The idea behind the nofollow technique was to take away all the “link juice” comment spammers wanted, thus encouraging them to stop spamming. Google introduced the nofollow tag to discourage comment spam from flooding their search indexes, and blogging programs added it to avoid being penalized and jump on the anti-comment spam bandwagon. WordPress and many blogging programs and forums added a nofollow by default for all links within comment areas. This instructed search engines not to follow the link as they crawled the page, taking away the credit search engine page rank gives to incoming and outgoing links. Recently, while late to the party, in an effort to discourage comment spam, Wikipedia has added nofollow to their outgoing links.
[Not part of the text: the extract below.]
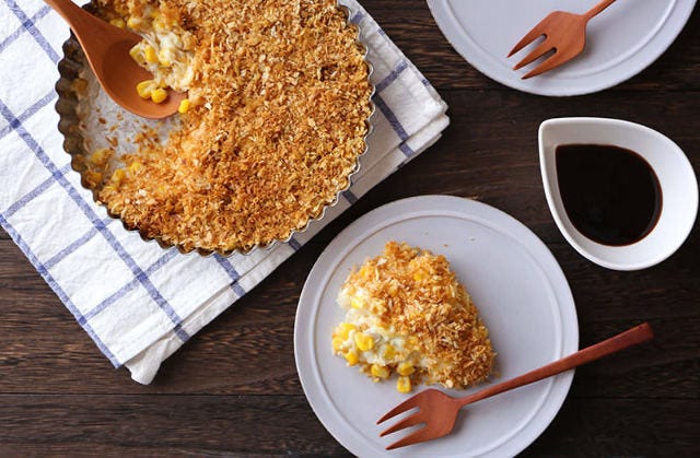 2.揚げずに作る「コーンクリームスコップコロッケ」は取り分けスタイルでおいしい&楽しい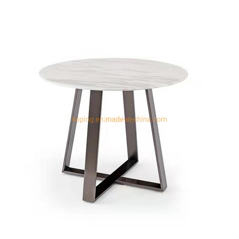 Newly Designed Simple Round Side Table Tea Table Coffee Table Corner Table with Marble Top and Carbon Steel Cross Shape Four Legs Home Furniture Hotel Furniture

The argument against rel=nofollow basically revolves around the idea that Google is penalizing even the legitimate bloggers and commenters (e.g., if nofollow is automatically enabled on blog software), and that spammers still keep on spamming.

Here’s one of the sites that’s actively advocating against nofollow: No Nofollow. Here are 11 reasons why nofollow is not effective, and expanded explanations on these (and 5 more).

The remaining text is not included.